Retype exactly the span of lines below from the one with "Tip sign for" through the one with "Hence, based on". Do not include pictures.

[GIVEN RECORDS]

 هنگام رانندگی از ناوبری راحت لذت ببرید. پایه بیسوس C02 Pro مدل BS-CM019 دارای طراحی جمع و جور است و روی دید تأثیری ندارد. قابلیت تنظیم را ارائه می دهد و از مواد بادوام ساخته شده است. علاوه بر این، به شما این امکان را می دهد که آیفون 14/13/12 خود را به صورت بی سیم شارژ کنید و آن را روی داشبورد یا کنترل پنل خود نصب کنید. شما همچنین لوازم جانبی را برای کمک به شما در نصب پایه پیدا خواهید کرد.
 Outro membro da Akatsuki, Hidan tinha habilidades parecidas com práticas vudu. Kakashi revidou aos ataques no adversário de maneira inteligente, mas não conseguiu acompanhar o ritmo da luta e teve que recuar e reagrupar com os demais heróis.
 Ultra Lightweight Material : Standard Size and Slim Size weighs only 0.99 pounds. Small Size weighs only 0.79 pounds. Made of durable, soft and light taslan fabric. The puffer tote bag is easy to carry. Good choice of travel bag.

[/GIVEN RECORDS]
[GIVEN RECORDS]

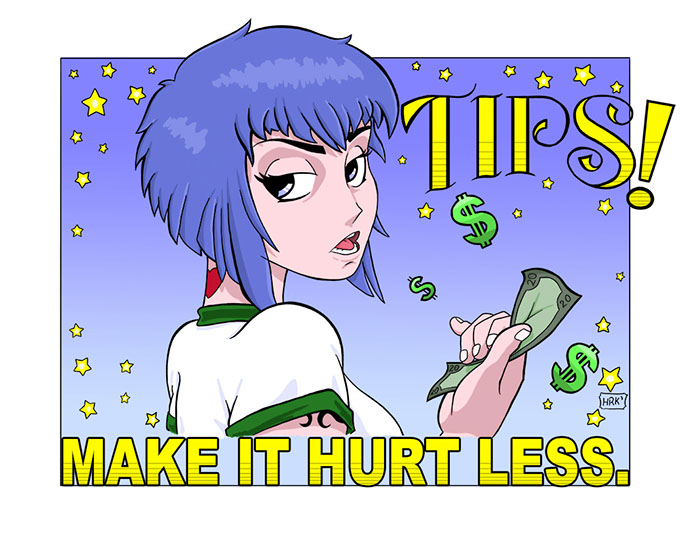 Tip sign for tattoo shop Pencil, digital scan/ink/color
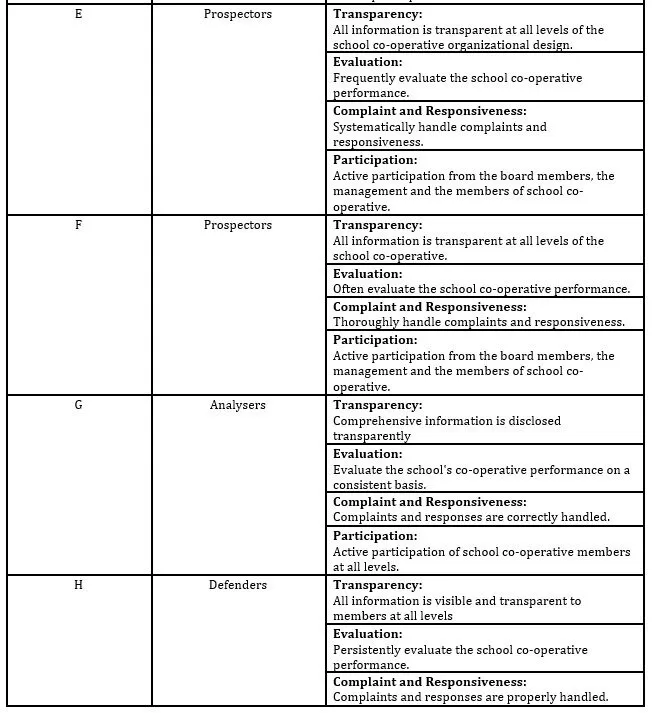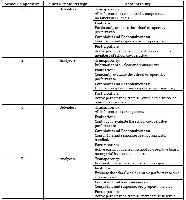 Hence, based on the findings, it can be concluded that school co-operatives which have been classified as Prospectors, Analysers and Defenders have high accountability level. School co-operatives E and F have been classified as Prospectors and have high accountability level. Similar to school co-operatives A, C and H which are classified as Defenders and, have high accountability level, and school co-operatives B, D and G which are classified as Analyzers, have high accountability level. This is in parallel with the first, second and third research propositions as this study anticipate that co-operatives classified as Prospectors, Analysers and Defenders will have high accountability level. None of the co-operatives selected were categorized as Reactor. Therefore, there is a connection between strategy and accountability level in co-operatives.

[/GIVEN RECORDS]

- SOLVED EXERCISE
 Tip sign for tattoo shop Pencil, digital scan/ink/color
 Hence, based on the findings, it can be concluded that school co-operatives which have been classified as Prospectors, Analysers and Defenders have high accountability level. School co-operatives E and F have been classified as Prospectors and have high accountability level. Similar to school co-operatives A, C and H which are classified as Defenders and, have high accountability level, and school co-operatives B, D and G which are classified as Analyzers, have high accountability level. This is in parallel with the first, second and third research propositions as this study anticipate that co-operatives classified as Prospectors, Analysers and Defenders will have high accountability level. None of the co-operatives selected were categorized as Reactor. Therefore, there is a connection between strategy and accountability level in co-operatives.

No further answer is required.